=== Data provided ===
════

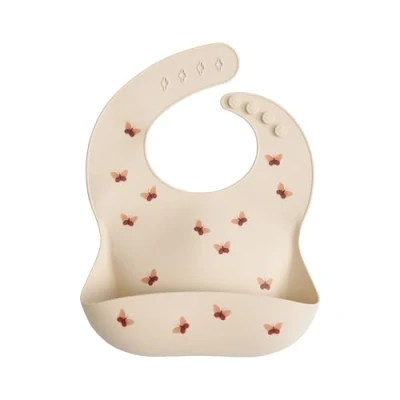 Mushie Baby Silicone Bib Adjustable Fit Waterproof Bibs Easy Wipe Feeding 4 Sizes with Deep Front Pockets 100% BPA and Phthalate Free (Butterflies)
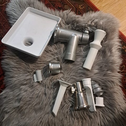 Original kjøttkvern til den Elektrolux Assistent kjøkkenmaskin selges. Pent brukt og i god stand, det kjennes lite slark og den er skarp og god. Er innsmurt med matolje som beskyttelse mot rust, slik produsenten anbefaler.
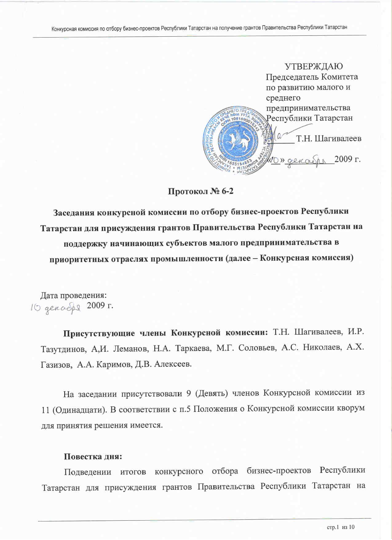 Комитет по развитию малого и среднего предпринимательства Республики Татарстан объявляет о подведении итогов конкурсного отбора бизнес-проектов Республики Татарстан на поддержку начинающих субъектов малого предпринимательства в приоритетных отраслях промышленности.

════

=== Task item ===
Reproduce the data above exactly, leaving each picture out.

=== Exercise result ===
 Mushie Baby Silicone Bib Adjustable Fit Waterproof Bibs Easy Wipe Feeding 4 Sizes with Deep Front Pockets 100% BPA and Phthalate Free (Butterflies)
 Original kjøttkvern til den Elektrolux Assistent kjøkkenmaskin selges. Pent brukt og i god stand, det kjennes lite slark og den er skarp og god. Er innsmurt med matolje som beskyttelse mot rust, slik produsenten anbefaler.
 Комитет по развитию малого и среднего предпринимательства Республики Татарстан объявляет о подведении итогов конкурсного отбора бизнес-проектов Республики Татарстан на поддержку начинающих субъектов малого предпринимательства в приоритетных отраслях промышленности.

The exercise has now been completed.